It’s just under two weeks until the General Data Protection Regulation (GDPR) lands and it has already made waves.
With the weight of large fines behind it, the GDPR is making organisations think very seriously about privacy and how they process the personal data of individuals in the European Union (EU).
In the run up to May 25, RingCentral is on its GDPR journey! We believe the digital world can thrive when we connect people and data in an ethical and secure way. We’re in the same boat as our customers and understand the importance of privacy, and we are committed to protecting the personal information of our customers.
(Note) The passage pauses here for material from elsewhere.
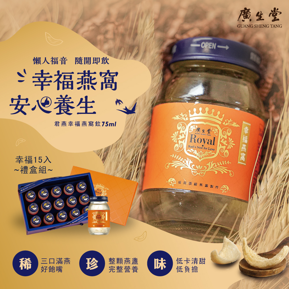 【廣生堂】君燕幸福燕窩飲(75ml/瓶)6入禮盒x1(贈燕萃皇家乳清滋潤香皂(100g/個)x1)
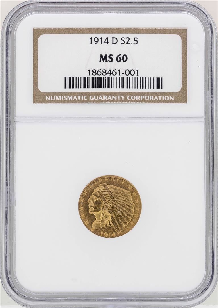One 1914-D $2 1/2 Indian Head Quarter Eagle Gold Coin NGC MS60. NGC Certified.

The GDPR builds on the previous EU Data Protection Directive, which left the data protection landscape in Europe with a lack of consistency and a patchwork of national regulations. The GDPR will centralise data protection in the EU and will be governed by each nation’s regulatory body.
The GDPR means more protection and transparency of personal data and less tolerance for unsecure and unethical use of data. Organisations must be more transparent with how they process and protect data, demonstrating not only compliance with the GDPR but how they comply.
The GDPR not only applies to organisations and businesses within the EU but to anyone that processes EU data, giving the GDPR a global reach.
Those who don’t abide by its rules will face a penalty of as much as a four percent of global revenue or a fine of €20 million, whichever is higher, not to mention the potential for class-action lawsuits!
Compliance will take a number of different strategies, but most of all, the GDPR requires companies to take a holistic approach to how they process personal data, with a focus on ethics and governance.
For the most part, the GDPR aims to put control over personal data back into the hands of European Union persons, known under the law as data subjects. There are a number of key rights under the GDPR, which are provided to EU persons to give them more control over their own personal data.
The most famous of these is the right to be forgotten. More formally known as Article 17, The “Right to Erasure”, which provides the right to request data to be deleted. In other words, EU persons will now have the right to have personal data that might be held by companies deleted.
Another right is the right to access in which EU persons have a right to know whether data is being held on them, for what purpose it is being used, and to request a copy of that data that is held on them. This is hand in hand with the right to be informed, which requires organisations to be completely transparent in how they use personal data.
Data portability means that citizens can actually get their personal data that’s being held by an organisation in a machine-readable format. They also have the right to give that information to another entity.
Individuals will be entitled to have personal data corrected if it is inaccurate or incomplete provided by the right of rectification.
For details on all EU persons’ rights, you can refer to this article.
We have updated our data protection program. Here are some of our updates:
- Policies and standards: We have developed a process to identify data lifecycle for more transparency, accuracy, accessibility, and security.
- International transfers:
- RingCentral maintains a Privacy Shield certification, which allows valid transfer of data between the EU and the US.
- We offer a Data Processing Addendum, which oversees the relationship between us and our customers, and that too has been updated to demonstrate our GDPR compliance.
- Third-party audits and certifications: RingCentral has obtained several certifications in order to demonstrate our commitment to protecting data. For example, RingCentral Office® is SSAE-16 SOC 2 certified. RingCentral Office also maintains HITRUST CSF certification, a rigorous certification to ensure protection of protected health information.